Nowhere in the parenting books are instructions for handling an almost 7-year old (who thinks she's an almost 17-year old) who occasionally makes, let's say ill-advised fashion choices. I started with putting away unseasonal clothing, which solved such problems as wearing a bathing suit with snow boots. Then I got used to biting my tongue because, really, why battle over an orange shirt with green pants when I need to go to the mat for the sugar-free gum policy?
But now, there are fancy pink sparkly sandals that neeeeed to be worn with knee-high socks. Striped knee-high socks. And a short skort. One recent morning, my darling daughter - who will probably become the next Betsey Johnson and boy, won't I be sorry - presented herself in my room with just such an outfit. I immediately thought Jodi Foster in Taxi Driver. It was unpleasant. As gently as possible, framing it as a generally accepted societal rule, I explained that fancy sandals are worn without socks. She immediately began The Pout, so I added "Because they want to show themselves off, and they can't do that when these striped socks are taking everyone's attention!" She wasn't buying it. I had to keep the focus on Fashion Rules and not Mom's Mean Opinion, so I offered a choice. Choices are good, that's in all the books. Either show off the cool socks with plain sneakers, or show off the sparkly shoes with bare feet. Grouchy face. To avoid having to start a discussion about clothing choices and prostitution with my second grader, I lovingly banished her to her room until she changed.

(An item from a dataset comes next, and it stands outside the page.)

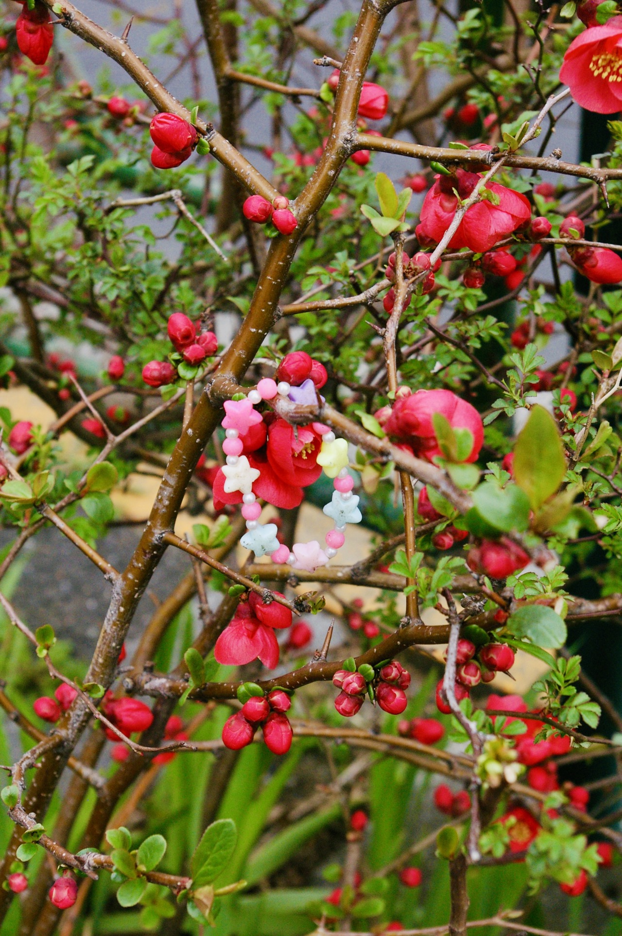 場所は荻窪の、普通の歩道。なんとなく道端に生えている花木を見たら、おそらく落とし物であろう、可愛らしいブレスレットがかけられていた。なんて優しい配慮なのだろう。ちなみに赤い花は「ボケ(木瓜)」という。
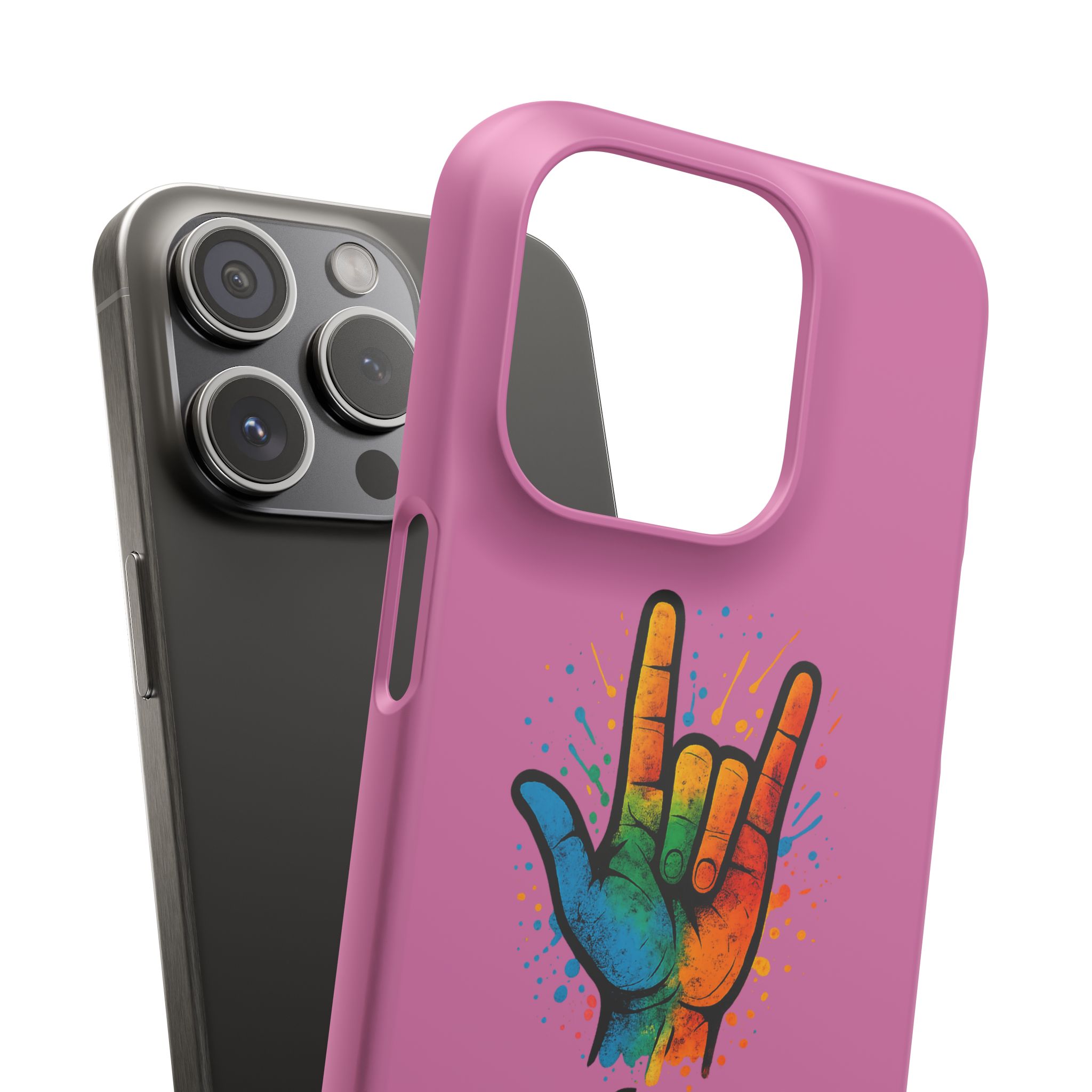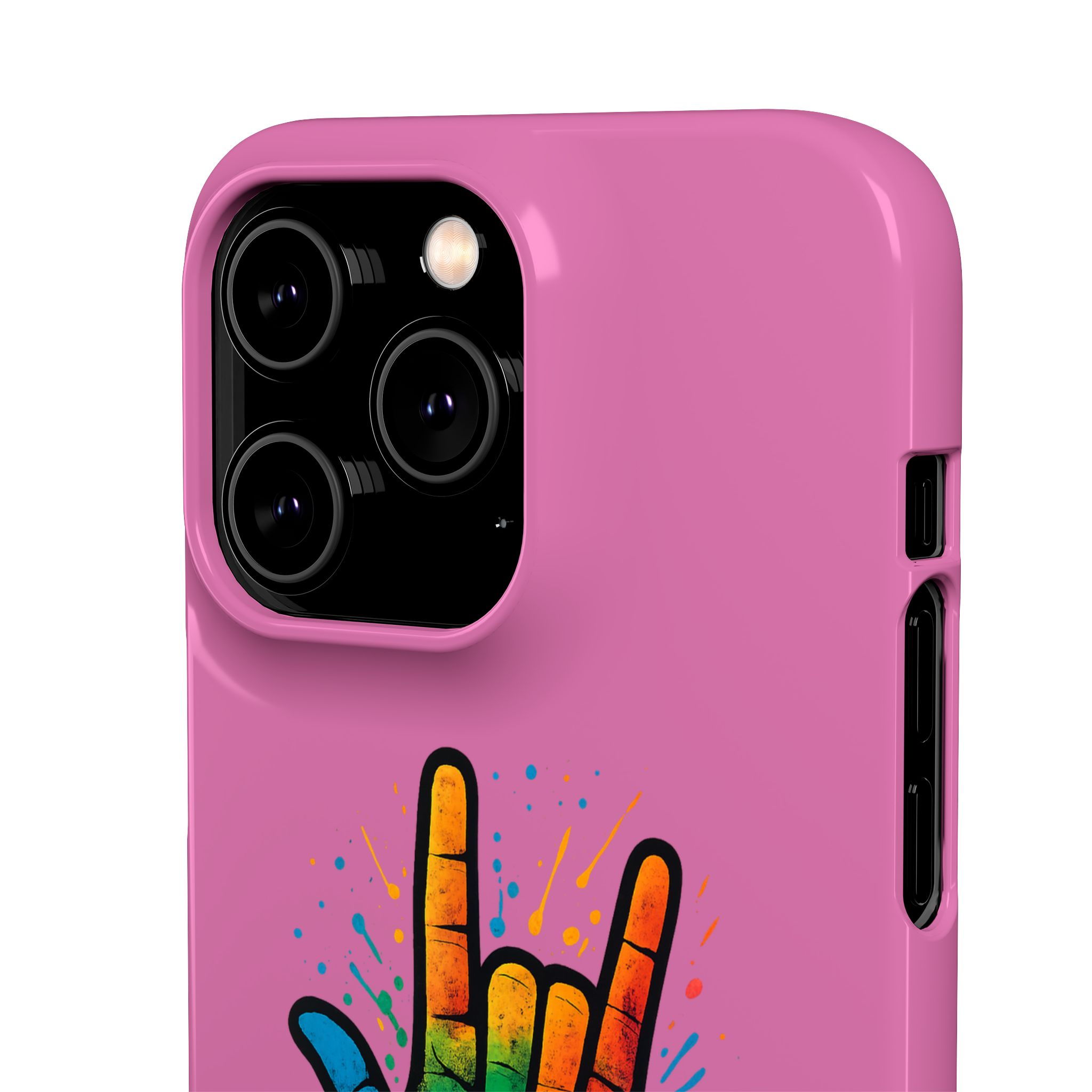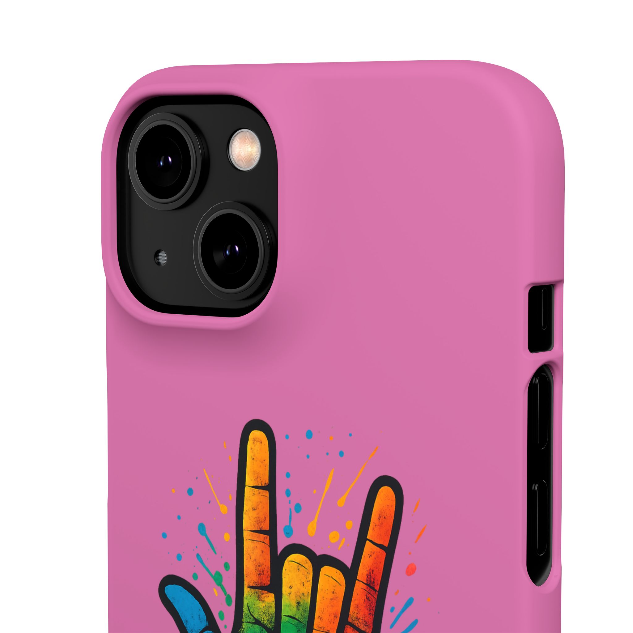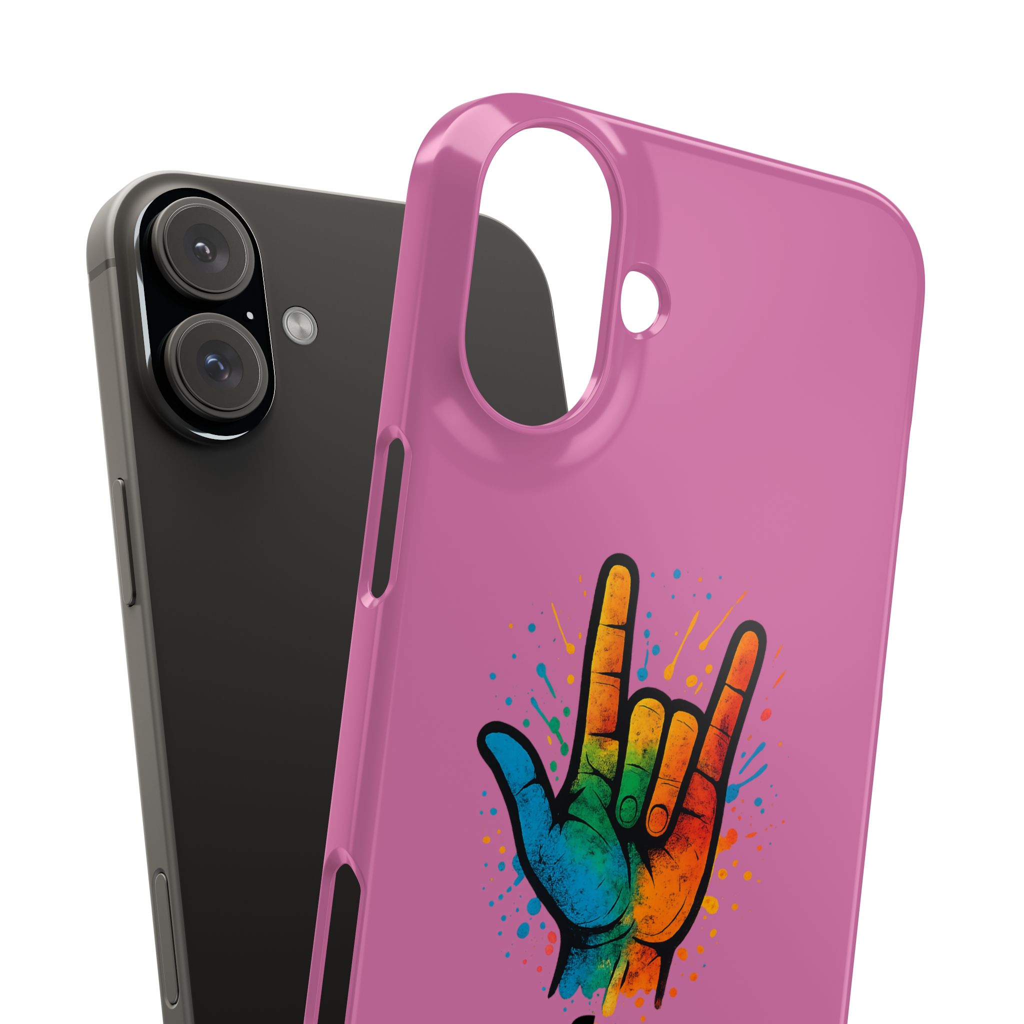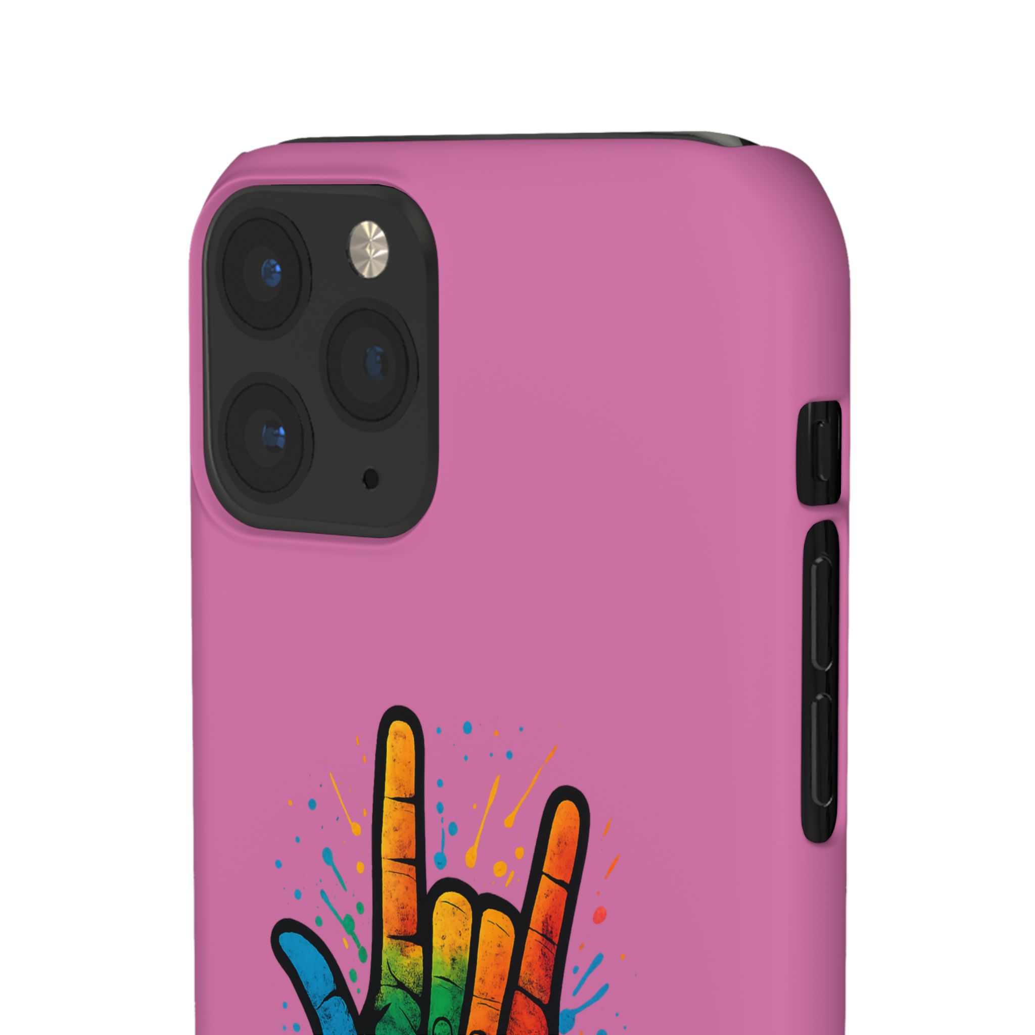 Diese lebendige Snap-Hülle ist eine Hommage an Individualität und Ausdruck, perfekt für alle, die ihre Persönlichkeit zeigen und gleichzeitig ihr Gerät schützen möchten. Diese aus robustem Polycarbonat gefertigte Hülle kombiniert Stärke mit Stil und sorgt dafür, dass Ihr Telefon aus der Masse hervorsticht. Das atemberaubende Design zeigt eine farbenfrohe Hand, die das „Ich liebe dich“-Zeichen in amerikanischer Gebärdensprache symbolisiert und eine einzigartige Botschaft der Liebe und Integration vermittelt. Egal, ob Sie Festivals oder Versammlungen besuchen oder einfach nur den Alltag genießen, dieses Snap Case verleiht Ihrem Alltag einen Hauch von Kreativität. Es ist perfekt für alle, die Wert auf Ausdruck legen, und somit ein ausgezeichnetes Geschenk für Freunde, Familie oder sich selbst, insbesondere zu Anlässen wie Geburtstagen, Feiertagen oder besonderen Feierlichkeiten im Zusammenhang mit der Gehörlosen- und Schwerhörigengemeinschaft. Die fröhliche Ausstrahlung dieser Hülle sorgt für positive Stimmung und regt Gespräche an – eine wunderbare Ergänzung zu Ihrem persönlichen Stil.

This girl returned to me twice, unchanged, to lament her objections. I stood my ground. When we were approaching the time to leave, I went to collect whatever was left of her. She was in her bed, under the blankets, sobbing. With the socks and sandals still on. Gotta love this kind of determination. I said we had to get going and since she hadn't made a choice on her own, I would make it for her. I took off the sandals, rolled off the socks, and started rubbing lotion into her legs. Suddenly, there was divine intervention. "Would you like me to paint your toenails?" Brilliance! Thank you, God, for letting this situation be a memory of Fun Stuff Mom Did For Me rather than one of My Mom the Tyrannical Bitch Who Mercilessly Criticizes My Style. Let there be more, please. I promise not to wear my sandals with socks, ever.